Discussion in 'English Only' started by Magg, Sep 22, 2005.

  1. Magg Senior Member

    Spain / Spanish
    Hi all,

    Considering the following (a creation of mine):

    They might have never imagined the experiences they were to undergo when they first left the town in quest of adventure.

    1. Would you replace 'might' with 'could'?

    2. ...they were to undergo... or ... they were going to undergo...

    3. If I were asked to change 'to undergo' for 'to come over', would the sentence go like this?:

    They might have never imagined the experiences to come over them when they first left the town in quest of adventure.

  2. Gordonedi

    Gordonedi Senior Member

    UK (Scotland) English
    Hello, Magg !
  3. GenJen54

    GenJen54 Senior Member

    Downright Pleasant, USA
    USA - English
    I believe the same is true in AE. I have never heard of someone being "come over" by experiences.

    I have heard of someone being "overcome" by emotions, or that emotions came over, or "overcame" them.

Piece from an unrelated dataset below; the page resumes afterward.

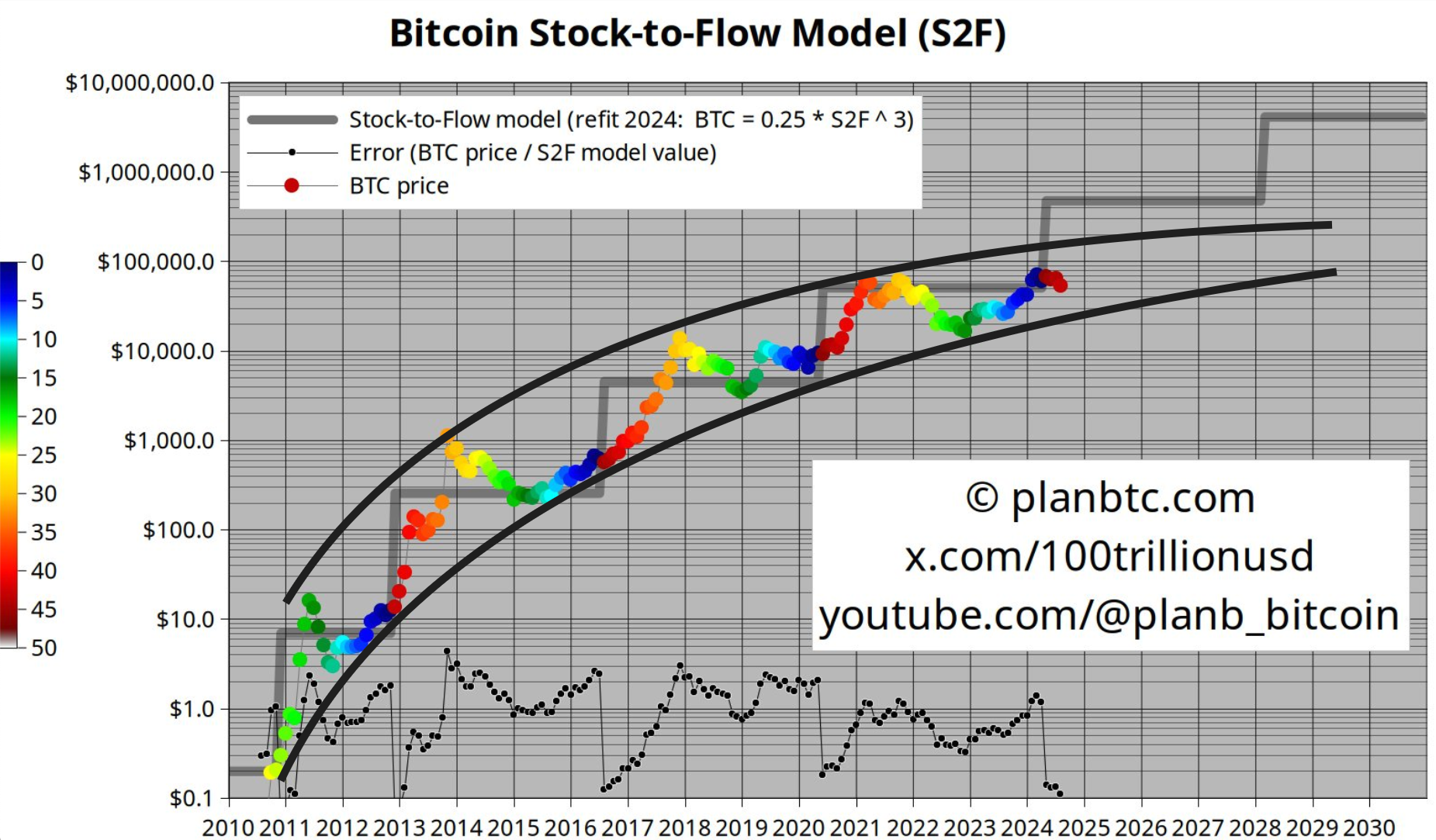Those models get tweaked to the downside each cycle. Note here how PlanB's stock to flow model is missing upside targets more and more. I added my very scientific black lines to the dots in order to help showcase it.

The meaning here is that they were suddenly overwhelmed by emotion.
  4. Magg Senior Member

    Spain / Spanish

    First of all thanks for your long and explanatory reply.

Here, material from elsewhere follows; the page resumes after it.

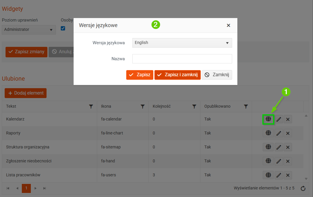 Aby ustawić wersję językową kliknij na ikonę globusa. Otworzy się okno dialogowe, w którym możesz wybrać żądany język i wpisać nazwę. Następnie zapisz wpis i zamknij okno.

    Actually, I wanted to use 'to come over' in the way I recently learnt from a reading comprehension activity. The story dealt with a teenager who had had a fight with another guy and had become withdrawn since then, and his mother didn't know what had come over him.
    That´s why I tried to use it that way.

    I like your suggestion about changing the order, even using 'as'.

    As for the word 'first', I think you´re right. It does not add extra information. It does no role in the sentence. Maybe I didn´t express myself properly; maybe I could have used 'finally' instead.

    BTW, I´m sorry to tell you that the sentence doesn´t belong to a story. I´m just learning new vocabulary, and I try to put it in use by creating sentences and situations other than the ones in which it appeared so that I get used to it. That´s why.

    Many thanks,
    Magg :)
  5. Gordonedi

    Gordonedi Senior Member

    UK (Scotland) English
    It is interesting to consider whether the sentence is written as they set out from the town or after they have encountered their experiences. That might make the word "first" appropriate after all, especially if looking back.
  6. cuchuflete

    cuchuflete Senior Member

    Maine, EEUU
    Hola Magg,

    There is something else about the sentence which is bothering me...but then I'm easily bothered by long sentences..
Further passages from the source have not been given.